When a Durable Object running an `AIChatAgent`/Think turn is reset mid-flight (`Error: Durable Object reset because its code was updated.`, e.g. by a deploy), the `_chatRecoveryContinue` scheduled callback retries **inside the same invocation** under the static `retry` options. All attempts land inside the same few-seconds storage-unavailable window, the callback is abandoned (`error executing callback "_chatRecoveryContinue" after N attempts`), and the one-shot schedule row is consumed. In our production capture, **storage was healthy again 15 ms after the final attempt** — the budget expired essentially at the moment recovery would have succeeded.

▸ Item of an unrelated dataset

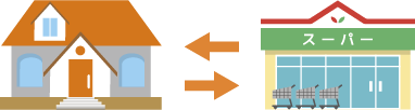 自宅と目的地の往復 (例:自宅前からスーパー前まで往復)
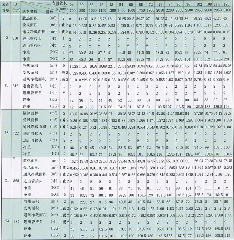 如采用兩排,片距為3.2mm,表麵管數為21,管長為60英寸,則為UⅡ——2(R)——21——60。

The dispatch-time path already handles this class of error correctly:

> `Deferring scheduled callback "_chatRecoveryContinue" to a fresh invocation after a Durable Object code-update reset; the one-shot row is preserved and the alarm will re-run on new code.`

But the same error thrown **mid-execution** (a SQL read/write inside the callback throwing `Durable Object reset because its code was updated.` or `SQL query failed: Network connection lost.`) is treated as an ordinary failure: it consumes a retry attempt, and on exhaustion the row is deleted instead of deferred.

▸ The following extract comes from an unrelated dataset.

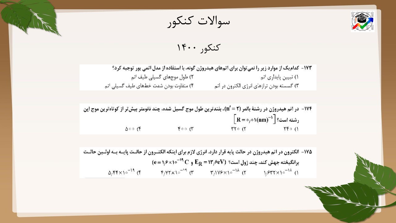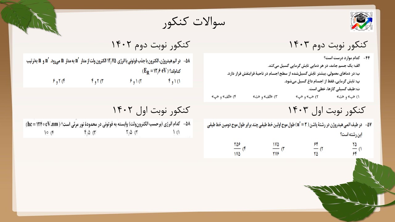 در ابتدا سوالاتی که از طیف خطی و مدلهای اتمی در امتحان نهایی آمده است را میبینیم.

### Compounding issue: the give-up path needs the storage that's down

When the callback exhausts retries and tries to terminalize, the seal itself does storage I/O and throws in the same window:

```
[Think] _chatRecoveryContinue threw during recovery; terminalizing instead of leaving the turn wedged SqlError: SQL query failed: Network connection lost.
[Think] failed to read recovery incident during give-up; synthesizing Error: Durable Object reset because its code was updated.
[Think] failed to persist sealed recovery incident during give-up Error: Durable Object reset because its code was updated.
```

So the turn can neither resume nor cleanly seal. Ironically this self-heals: because the seal never persists, the incident survives, is re-detected on a later wake, and eventually completes — but in our capture that took **~10–14 minutes** instead of seconds. (Alarm deliveries during deploy churn were also observed 36 s and 85 s late, with one re-armed recovery alarm landing directly inside the *next* deploy's reset window and burning its budget again.)

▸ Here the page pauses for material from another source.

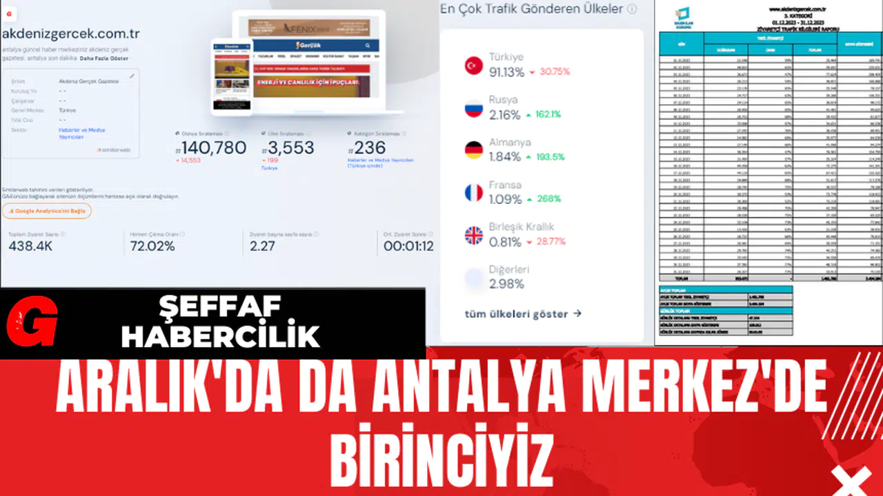 Antalya'nın Konyaaltı, Kepez ve Muratpaşa yani 3 merkez ilçesinde faaliyet gösteren haber siteleri arasında, 'Similarweb' sitesine göre ön plana çıkan Akdeniz Gerçek Haber Sitesi, birinci sırada yer almakta. Akdeniz Gerçek Haber Sitesi'nin kendi algoritmasına göre tıklanma sayıları ve ülke bazında trafik oranlarına ışık tutan 'Similarweb' verilerine göre, 438,4 bin tıklama aldığı ve okuyucularının yüzde 91'i Türkiye'den geldiği görülmektedir. BİK'in Antalya'daki haber siteleri için belirlediği toplam tekil ziyaretçi sayısı 20 bin, sayfa gösterim sayısı 60 bin ve ortalama sayfada kalma süresi 1 dakika olarak öne çıkmaktadır. Ancak, son aylarda Akdeniz Gerçek Haber Sitesi bu kriterlere göre performansı, kriterlerin üstüne çıkarak ön plana çıktı. Google verilerine göre, Akdeniz Gerçek Haber Sitesi'nin elde ettiği etkileyici başarılar da dikkat çekici hale geldi. Akdeniz Gerçek’in internet sitesi, Aralık ayında 3 milyon 404 bin 184 tıklama alarak geniş okuyucu kitlesini büyüttü.

### Production timeline (one episode, timestamps to the ms)

```
14:40:50.137  first attempt fails (DO code-update reset; SQL unavailable)
14:40:50.4 / 50.9 / 51.5 / 54.4   retries 2–5 fail (same errors)
14:40:55.940  attempt 6 fails → "after 6 attempts" → schedule row consumed
14:40:55.955  first SUCCESSFUL storage op on the same DO  (+15 ms)
14:40:56 → 14:42:19  83 s fully healthy (82 clean ops) — but no alarm left to fire
```

User impact: the turn (and any in-flight sub-agents, which keep running fine on their own) appears frozen for many minutes; clients see no error, just silence until the surviving incident is eventually re-detected.

### Repro sketch

1. Start a chat turn that will run long enough to have a pending `_chatRecoveryContinue` (e.g. interrupt a stream so recovery is scheduled).
2. Deploy a new version of the worker so the reset lands while the callback is executing (redeploying 2–3× within a few minutes during an active turn makes this easy to hit).
3. Observe: retry attempts all fail within the ~5 s reset window, the row is consumed, and the turn stays frozen even though the DO is healthy seconds later.

### Proposed fix

1. **Classify mid-execution resets as deferrals, not consumed attempts.** Apply the same `isDurableObjectCodeUpdateReset`-style check the dispatch path uses to errors thrown *during* callback execution (including the `Network connection lost` storage-transient shape): preserve the one-shot row, don't count an attempt, let the alarm re-run on next wake. This makes recovery survive any reset longer than the retry budget, because the alarm re-fires in the healthy window that follows.
2. **Make the give-up/seal idempotent and reset-tolerant.** If persisting the sealed incident fails with a retryable platform error, defer the seal to the next wake rather than throwing — today's behavior leaves the incident in limbo and only recovers by accident.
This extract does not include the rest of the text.